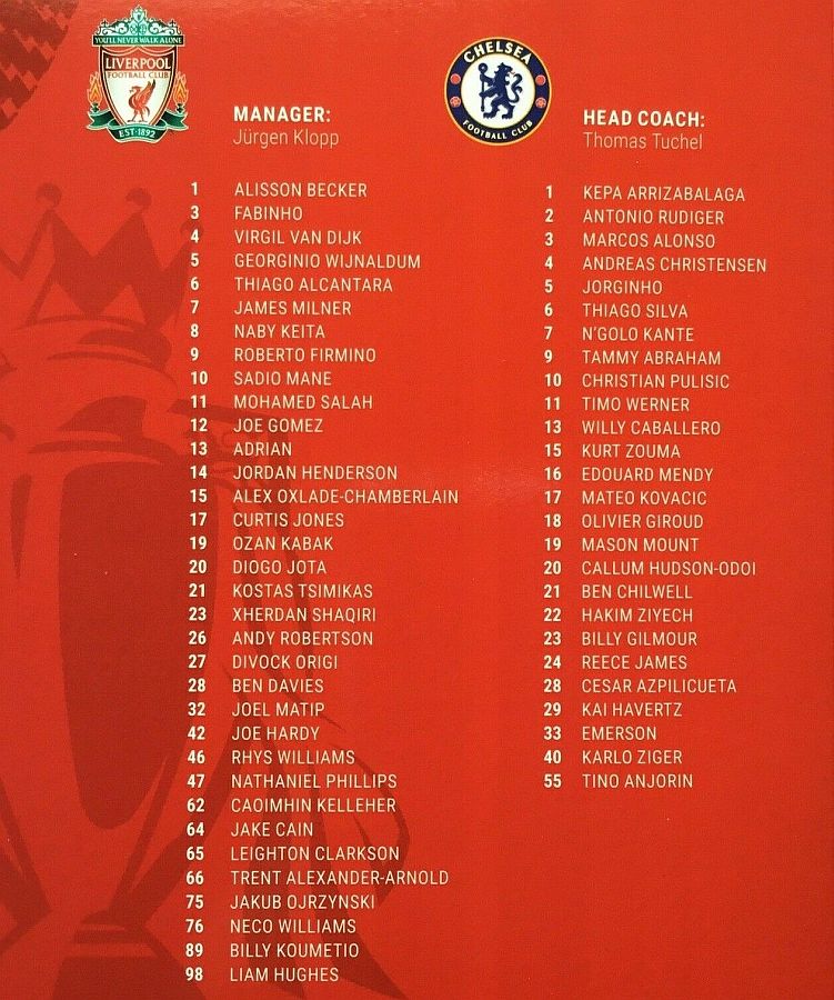 Alisson Becker, Trent Alexander-Arnold, Virgil Van Dijk, Fabinho, Andy Robertson, Naby Keita (James Milner 64), Jordan Henderson (Thiago 46), Georginio Wijnaldum, Mohamed Salah, Roberto Firmino (Takumi Minamino 86), Sadio Mane |
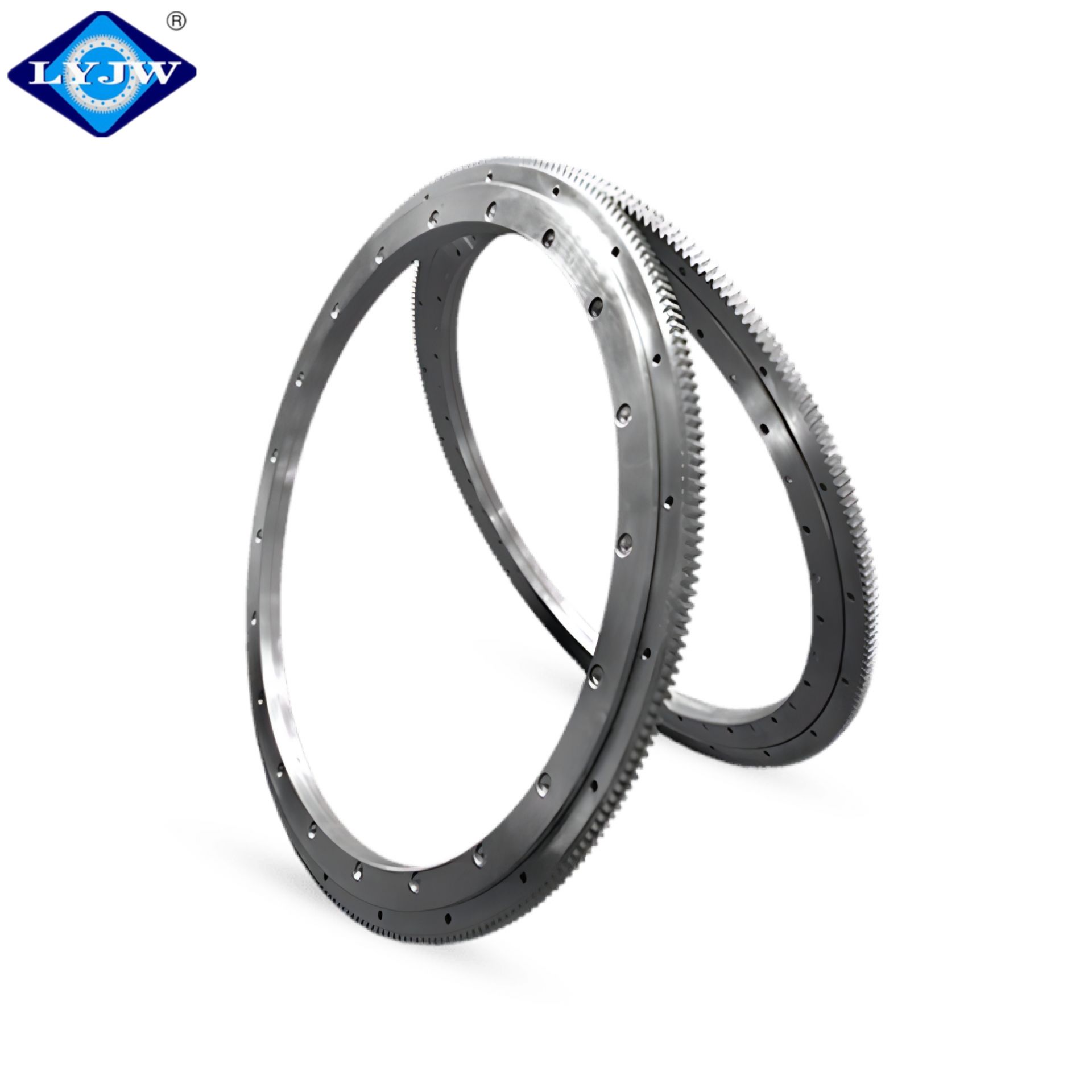 轻型回转支承主要包括外滚圈、内滚圈、加油杯、钢球密封带、隔离块、堵塞 和锥度销, 其特征是: 内滚圈与外滚圈截面均为L 型;在外滚圈的下端面装有加油杯。其特点是:单圈较薄,旋转灵活,可轻松转动。
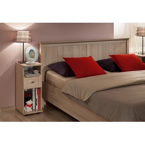 Верхняя фигурная планка на изголовье из толстой плиты ЛДСП шириной 7 см.
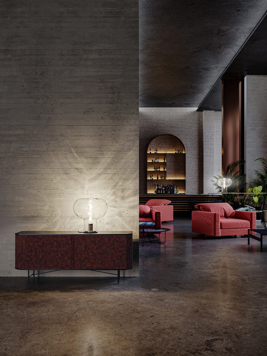 Magic Mushroom grazie alla sua materialità è perfetta accanto ad un divano in uno spazio living piuttosto che su una madia all’interno di una camera da letto.
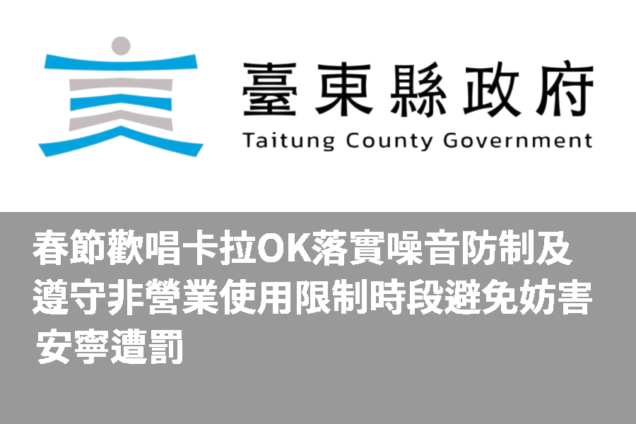 每年農曆春節,民眾常會相約在自家、親友家、餐飲業及餐酒館等營業場所卡拉OK歡唱,如果場所未採取妥適的隔音措施,易發生噪音妨害周遭居民生活環境安寧;根據臺東縣環保局統計113年受理該類噪音陳情案合計378件,占公害陳情案總件數14%,稽查情形包括周界有無卡拉OK歌唱噪音辨別、測量周界噪音是否符合管制標準、勸導改善,宣導非營業或營業項目未登記視聽伴唱業等場所的卡拉OK設備不得使用供人歌唱的管制時段等法規,呼籲相關場所遵守噪音管制法規及落實隔音措施,並建議春節歡唱時,選擇隔音較佳的場所,共同維護環境安寧。

================================

* **Work to complete**
The data above must be written out again without alteration, and the pictures in them must be excluded.

* **Completed exercise**
 Alisson Becker, Trent Alexander-Arnold, Virgil Van Dijk, Fabinho, Andy Robertson, Naby Keita (James Milner 64), Jordan Henderson (Thiago 46), Georginio Wijnaldum, Mohamed Salah, Roberto Firmino (Takumi Minamino 86), Sadio Mane |
 轻型回转支承主要包括外滚圈、内滚圈、加油杯、钢球密封带、隔离块、堵塞 和锥度销, 其特征是: 内滚圈与外滚圈截面均为L 型;在外滚圈的下端面装有加油杯。其特点是:单圈较薄,旋转灵活,可轻松转动。
 Верхняя фигурная планка на изголовье из толстой плиты ЛДСП шириной 7 см.
 Magic Mushroom grazie alla sua materialità è perfetta accanto ad un divano in uno spazio living piuttosto che su una madia all’interno di una camera da letto.
 每年農曆春節,民眾常會相約在自家、親友家、餐飲業及餐酒館等營業場所卡拉OK歡唱,如果場所未採取妥適的隔音措施,易發生噪音妨害周遭居民生活環境安寧;根據臺東縣環保局統計113年受理該類噪音陳情案合計378件,占公害陳情案總件數14%,稽查情形包括周界有無卡拉OK歌唱噪音辨別、測量周界噪音是否符合管制標準、勸導改善,宣導非營業或營業項目未登記視聽伴唱業等場所的卡拉OK設備不得使用供人歌唱的管制時段等法規,呼籲相關場所遵守噪音管制法規及落實隔音措施,並建議春節歡唱時,選擇隔音較佳的場所,共同維護環境安寧。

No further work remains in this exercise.